Alan told Greenie that George had been fairly quiet for much of the
trip. The heat and all the driving had made him sleepy, though he had
enjoyed running freely around the ruins of Chaco Canyon. "He does
love this dog," Alan said.

"Did you have a good time?"

"Oh yes. But I promised him he could tell you about the dance on the
mesa and the bison heads in the hotel."

A band of rosy skin lay across Alan's nose, from one cheek to the
other. Greenie was glad to see him look so alive, so out in the world.

"I brought you something," he said.

She lifted the lid of a white box. It contained a turquoise necklace: a
string of rough beads, pitted like moons, in various shades of green. She
held the coiled necklace in her palm. "It's gorgeous," she said. "Is it
old?" She fastened it behind her neck before she realized that he had
hoped to perform this intimate task.

"Yes, but it's not pawn," said Alan. "I couldn't get over all those
pawnshops filled with all that exquisite jewelry. It gave me the creeps."
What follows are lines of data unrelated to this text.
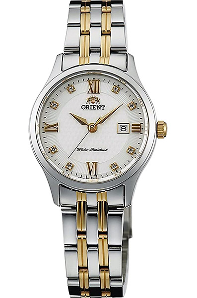 Женские кварцевые наручные часы Orient WV0121SZ. На циферблате отображается дата. Циферблат украшен камнями из циркона. На корпус и браслет частично нанесено стойкое PVD покрытие.
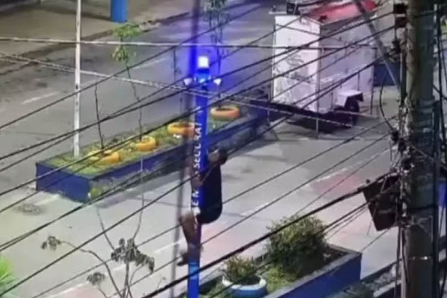 Segundo a Polícia Militar, o suspeito subiu em um poste por volta das 4h40 para quebrar os equipamentos de vigilância. Ele tentou escapar na garupa de uma motocicleta, mas foi identificado por outras câmeras da região e localizado pouco depois na Praça Vira Copos.
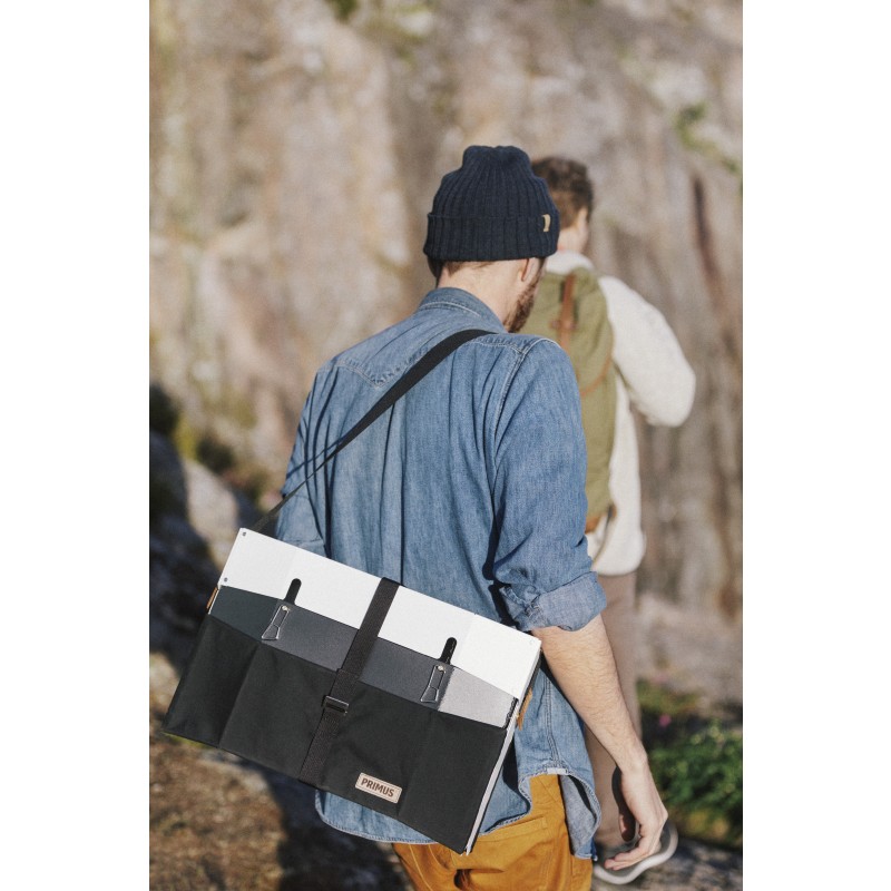 Onja is our most compact two-burner stove. Thanks to the carrying strap the stove is easy to bring along and functions just as well on the city excursion to the park as on the weekend trip with the kayak. When extended the body becomes a stable cooking unit that also protects the burners from the wind. The top is covered with an oak lid that doubles as a cutting board or as a plate to serve food on. Powered by Primus 100 g, 230 g or 450 g canister gas. There is also a Duo valve version that fits most gas cartridges with a valve on the market, perfect for those who bring the stove with them when travelling.

"I've heard about that. Even saddles turned in to get money for
booze. That's what they say. It's all for booze. Even those beautiful patterned
blankets."

He touched the beads where they lay against her throat. "I didn't like
the idea of some forsaken heirloom around your neck."

But isn't that what all antiques are? thought Greenie as she looked at
her reflection in the bedroom mirror. Isn't it all discarded, abandoned,
whether by choice or compulsion? She had recently noticed that her red
hair was fading in the sun. She wasn't outdoors a great deal, but she had
lived here now for two seasons and the climate was making its mark.